**Description of the task:** Look through the entries below for the line with "3. Vainikinė naktižiedė" and the line with "الاسم - عربي MUNEWORA HUSSEN ADEM", then give again exactly those two lines and all lines between them, minus the pictures.
--- Source material ---
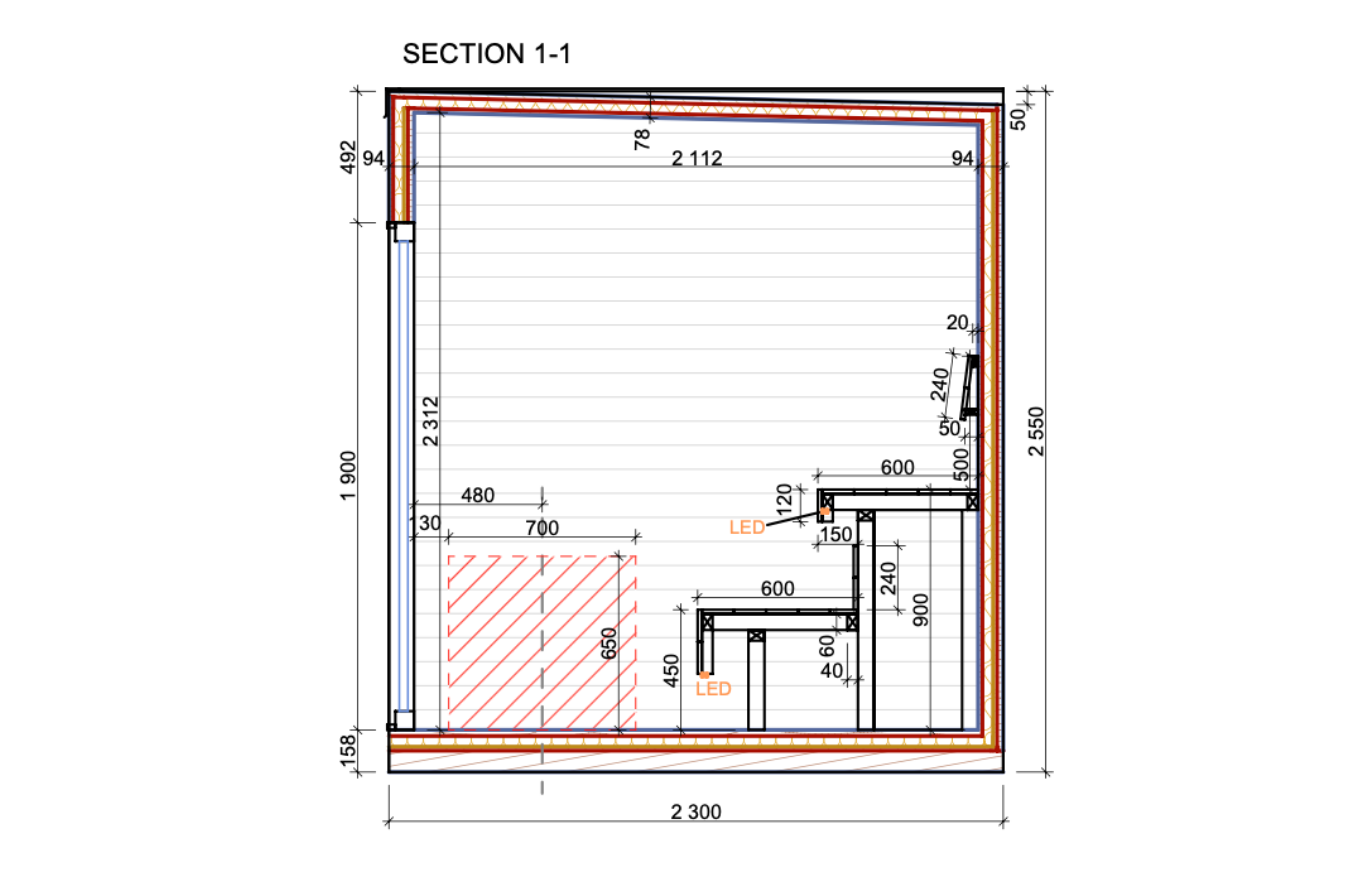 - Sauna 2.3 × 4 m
---
--- Source material ---
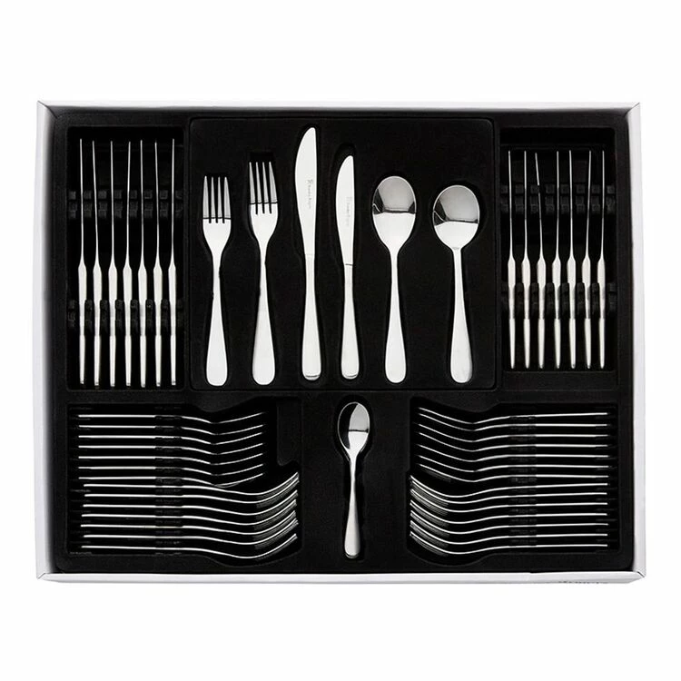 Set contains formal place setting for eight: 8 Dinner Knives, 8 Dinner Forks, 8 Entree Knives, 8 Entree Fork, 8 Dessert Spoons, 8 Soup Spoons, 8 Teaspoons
---
--- Source material ---
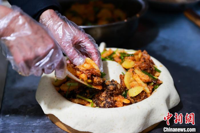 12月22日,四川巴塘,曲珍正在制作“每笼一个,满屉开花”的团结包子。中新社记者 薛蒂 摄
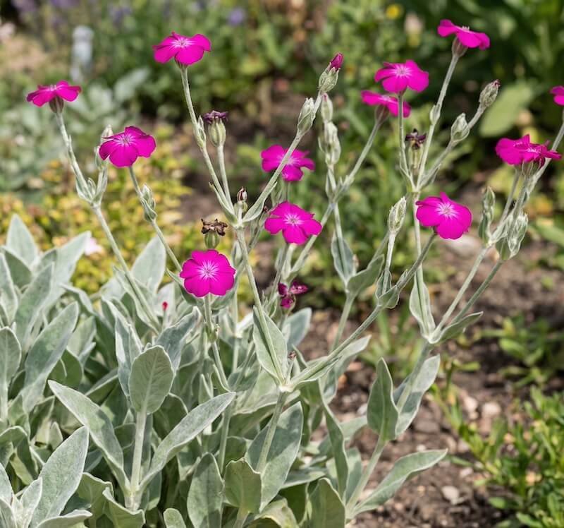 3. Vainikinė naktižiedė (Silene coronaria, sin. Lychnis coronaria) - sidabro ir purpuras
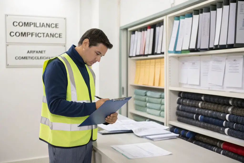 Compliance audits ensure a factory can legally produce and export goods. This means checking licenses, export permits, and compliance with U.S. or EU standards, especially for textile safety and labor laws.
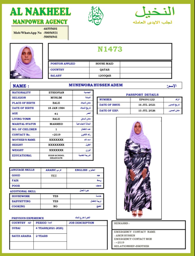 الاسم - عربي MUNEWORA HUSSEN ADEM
---
**Answer area:**
 3. Vainikinė naktižiedė (Silene coronaria, sin. Lychnis coronaria) - sidabro ir purpuras
 Compliance audits ensure a factory can legally produce and export goods. This means checking licenses, export permits, and compliance with U.S. or EU standards, especially for textile safety and labor laws.
 الاسم - عربي MUNEWORA HUSSEN ADEM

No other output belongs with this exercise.